🟡 🏥 In Practice Published: · 2 min read ·

arXiv:2606.25519: Quantization inflates reasoning — the hidden cost of low-bit models

arXiv:2606.25519 ↗

Editorial illustration: schematic compressed brain emitting a long chain of thought bubbles, symbolizing token inflation in quantized AI models

Quantizing language models to INT4/INT3 preserves answer accuracy but lengthens the chain of thought and cancels the expected inference speedup. Microsoft researchers introduced the CoT Token Inflation Ratio metric and tested it on math, code, science, and agentic tasks.

🤖

This article was generated using artificial intelligence from primary sources.
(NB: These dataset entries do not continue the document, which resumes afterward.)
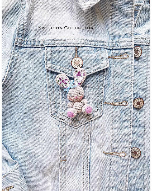 [Амигуруми] Брошь «Зайка» (Екатерина Гущина)
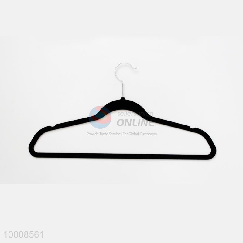 Wholesale High Quality Black Plastic Clothes Hanger With Flocking
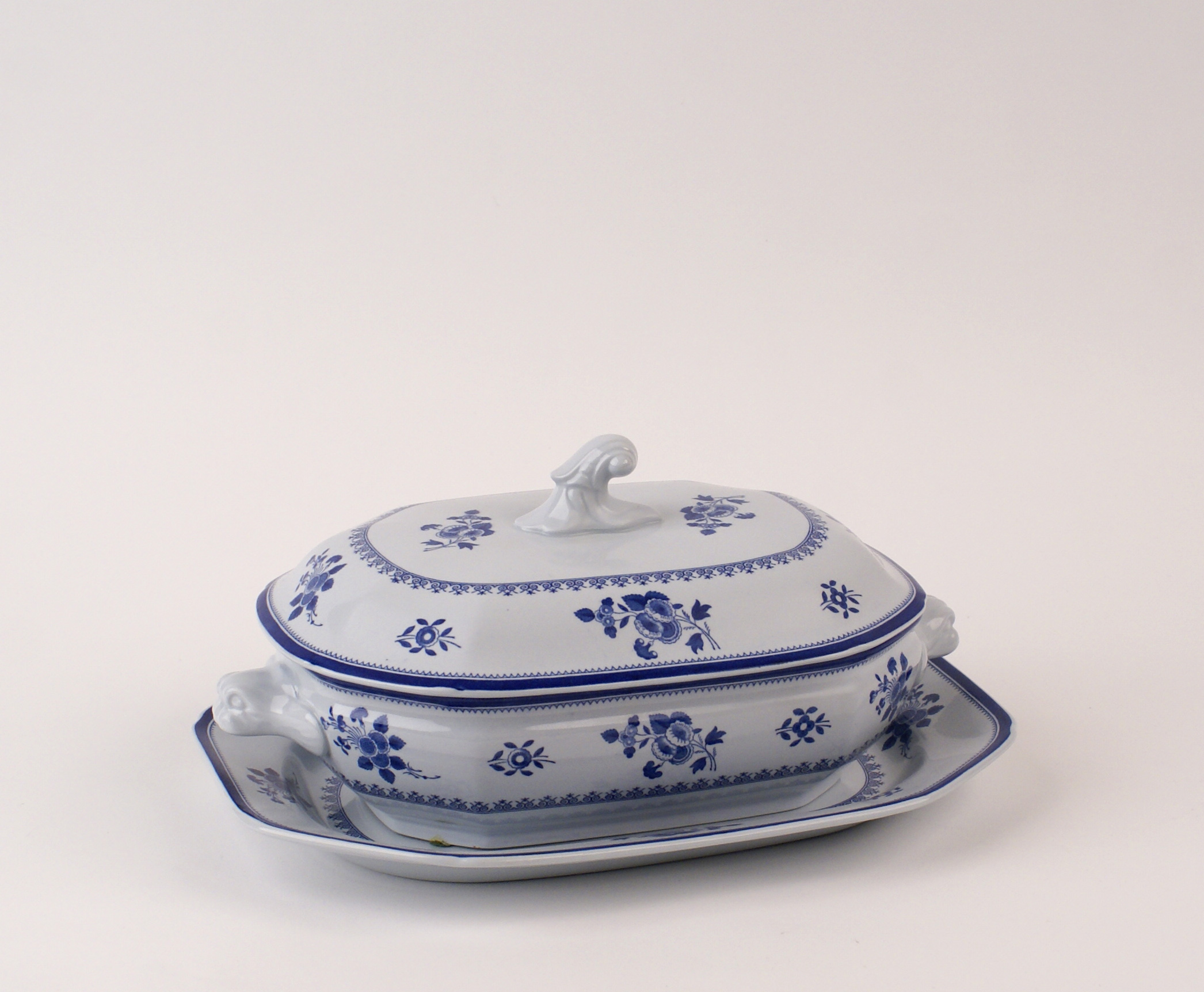 ZUPPIERA IN CERAMICA SMALTATA manifattura inglese e decorata a motivi floreali completa di sottopiatto 15x31x23 cm.
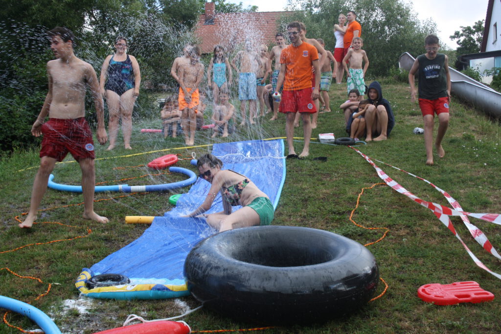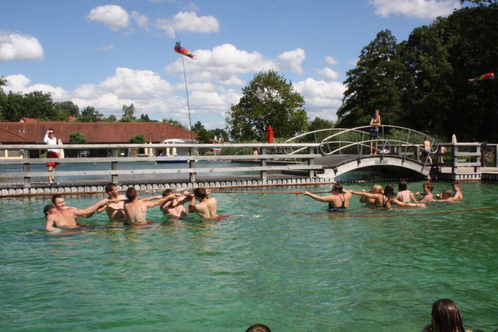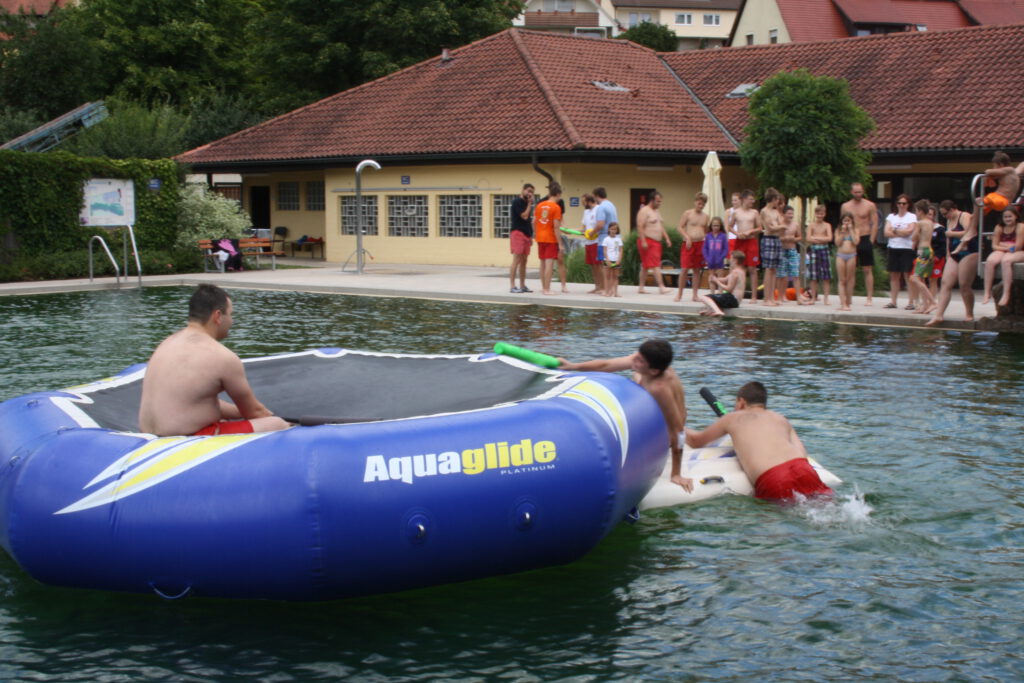 In den folgenden Prüfungen wurden Geschick, Gleichgewicht, Zielgenauigkeit und Durchhaltevermögen sowie die Gruppendynamik auf die Probe gestellt. Der Faktor Spaß wurde natürlich nie vergessen! Abends um 20 Uhr fand dann das große Finale statt. Die Eroberung unserer schwimmenden Festung. Im unerbittlichen Abwehrfeuer der Trainer gelang es den Angreifern nicht die Festung zu bezwingen. Mit viel Wasserspaß und Lachen neigte sich der Tag dem Abend. Sonntag früh endete unser Zeltlager und erstmalig mussten unsere sonst eher aktiven Kids geweckt werden, da sie von den Spielen vom Samstag so kaputt waren (das war uns wirklich noch nie gelungen!).

What is quantization and why is it used?

Quantization — the process of reducing the bit precision of model weights from 16 or 32 bits to INT4 or INT3 — is a standard technique for speeding up inference and reducing the memory footprint of large language models. Microsoft researchers (7 authors, paper published June 24, 2026) reveal that this technique carries a hidden cost that previous evaluations have not measured.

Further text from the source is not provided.